The concept, outlined late on Thursday in a posting on Google's Web site, poses a potential challenge to the nonprofit Wikipedia, which has drawn upon the collective wisdom of unpaid, anonymous contributors to emerge as a widely used reference tool.
Google is calling its alternative "knol" -- the Mountain View-based company's shorthand for a "unit of knowledge."
For now, submissions are by invitation only as Google fine tunes the system, but the Internet search leader said it will eventually publish articles by all comers.
"There are millions of people who possess useful knowledge that they would love to share, and there are billions of people who can benefit from it," Ubi Manber, Google's vice president of engineering, wrote in the company's posting about the new service. "We believe that many do not share that knowledge today simply because it is not easy enough to do that."
Since it was founded on the same knowledge-sharing premise six years ago, Wikipedia has compiled 2.1 million English-language articles as well as millions more in dozens of other languages. The topics cover everything from Albert Einstein's theory of relativity to video games such as Beavis and Butt-head in Virtual Stupidity.
Wikipedia attracted 56.1 million US visitors in October, making it the eighth most popular Web site, comScore Media Metrix said.
Google's properties, which include video-sharing site YouTube, drew 131.6 million US visitors, second only to Yahoo Inc.
In a Friday interview, Wikipedia founder Jimmy Wales downplayed Google's latest move.
"Google does a lot of cool stuff, but a lot of that cool stuff doesn't work out so great," he said.
Google's flops include a service that used to hire researchers to track down hard-to-find answers for befuddled Web surfers. The feature never took off in its four-year existence, prompting Google to pull the plug last year.
While Google tinkers with its encyclopedia, Wales already is poised to invade Google's turf with a Wikia search engine scheduled to debut later this month. The search engine will be operated by Wikia Inc, Wales' for-profit venture.

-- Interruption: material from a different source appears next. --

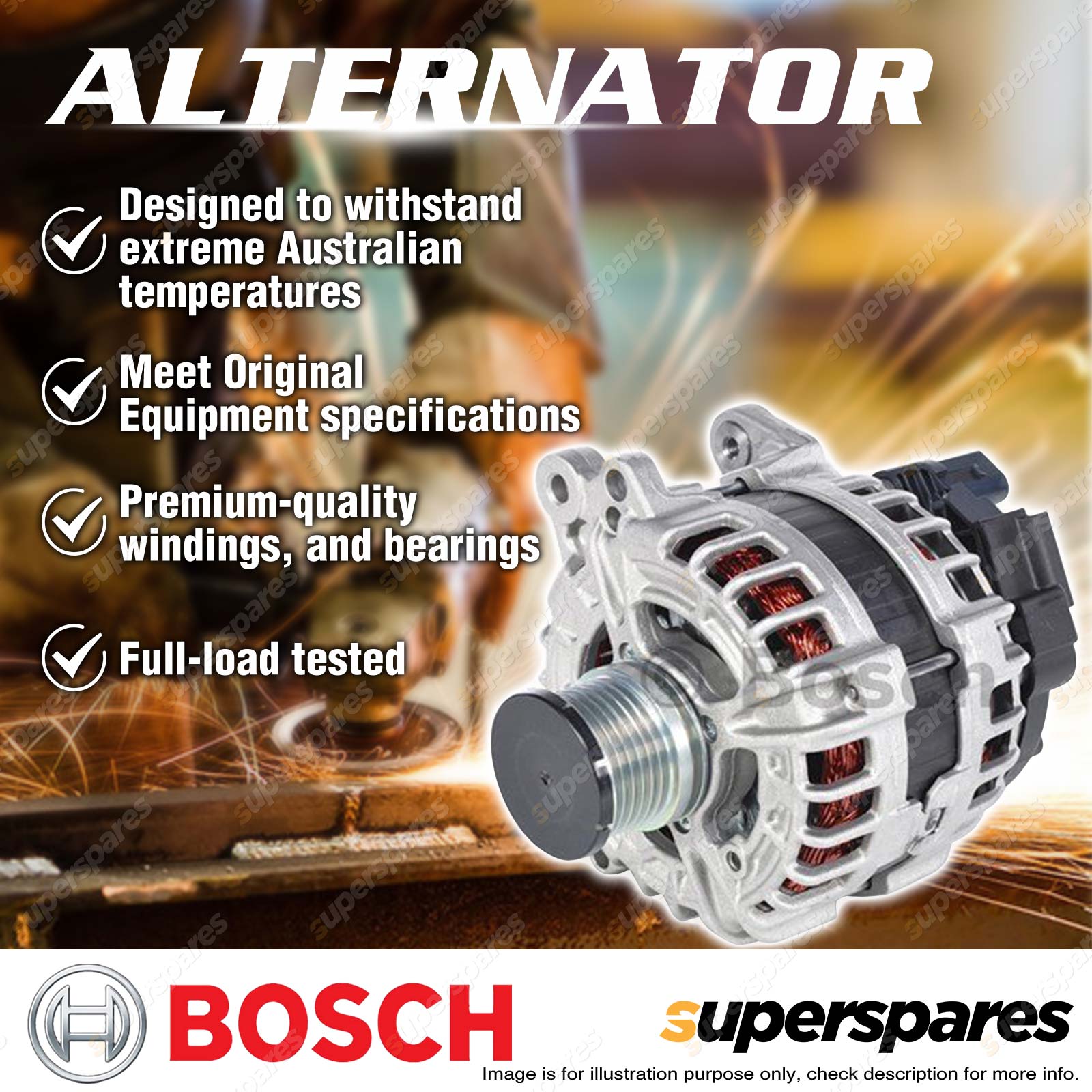 Bosch has been a major supplier of new alternators to Original Equipment vehicle manufacturers since 1913. Securing OE certification requires strict adherence to stringent precision and performance criteria. Bosch Premium Alternators are quality built and 100% factory tested to ensure years of reliable performance, even under the most extreme operating conditions. The warranty period for Bosch starter motors and alternators is as follows: Passenger vehicle applications - 24 months/40,000km |

The Googlepedia, as some observers are already calling the new offering, will differ from Wikipedia by identifying who wrote each article and striving to reward the authors by giving them a chance to make money from Google's lucrative advertising network.

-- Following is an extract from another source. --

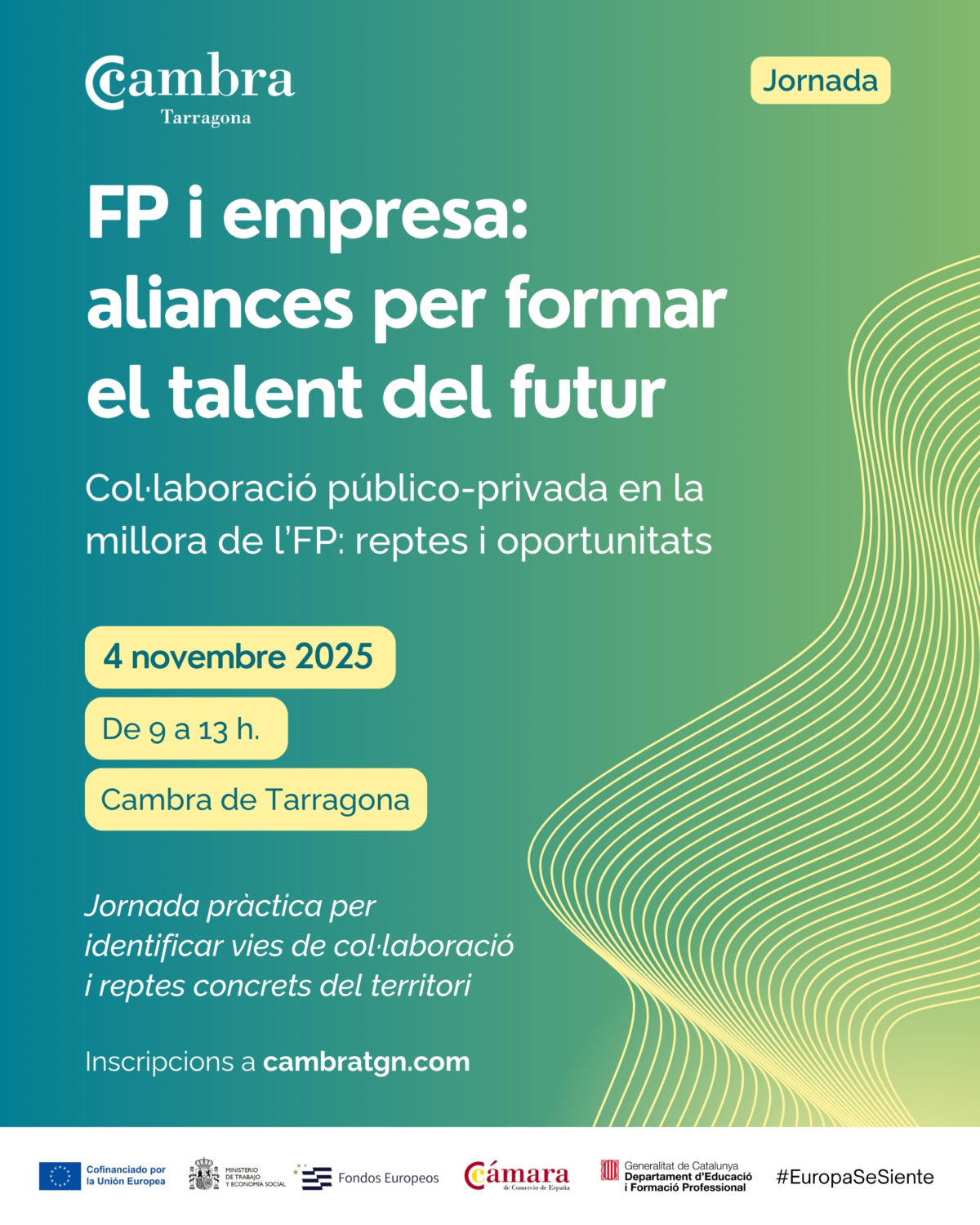 La Cambra de Tarragona ha programat una jornada centrada en debatre i potenciar les aliances entre la Formació Professional i les empreses per tal de formar el talent del futur.

Critics say Wikipedia's cloak of anonymity has made its articles more vulnerable to abuses that have led to inaccuracies.
Citizendium, an Internet encyclopedia launched earlier this year, also insists on identifying the writers of its articles. But, unlike Google, Citizendium relies on a collaborative editing process to verify the accuracy of its articles.

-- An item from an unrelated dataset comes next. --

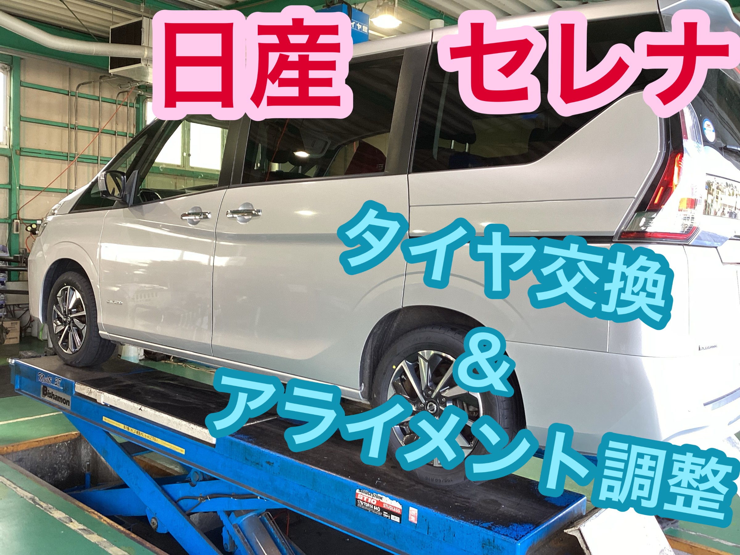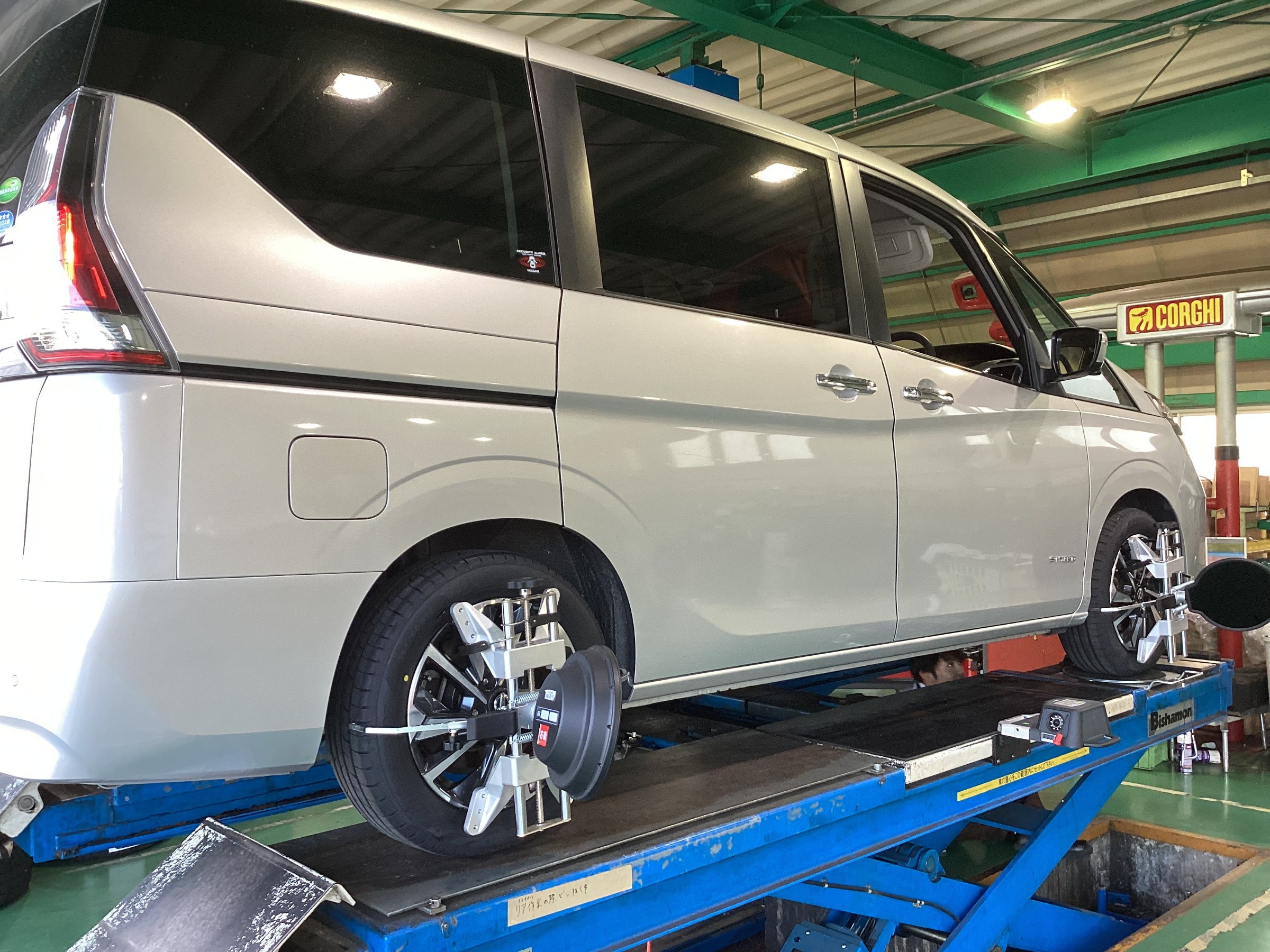 本日は、日産 セレナのタイヤ交換&アライメント調整作業のご紹介です!

"Google will not serve as an editor in any way, and will not bless any content," Manber wrote. "All editorial responsibilities and control will rest with the authors."
Google is hoping to keep the contributors honest by allowing visitors to rate the entries and leave comments.
That won't be enough, predicted Larry Sanger, Citizendium's editor-in-chief who also helped start Wikipedia.
"Knol is apt to produce precisely the same sort of uneven content, with many of the same abuses, that Wikipedia has," Sanger wrote in a posting on Citizendium's site. "Without actual editors, the same sort of problems about misleading and damaging information are apt to plague knol."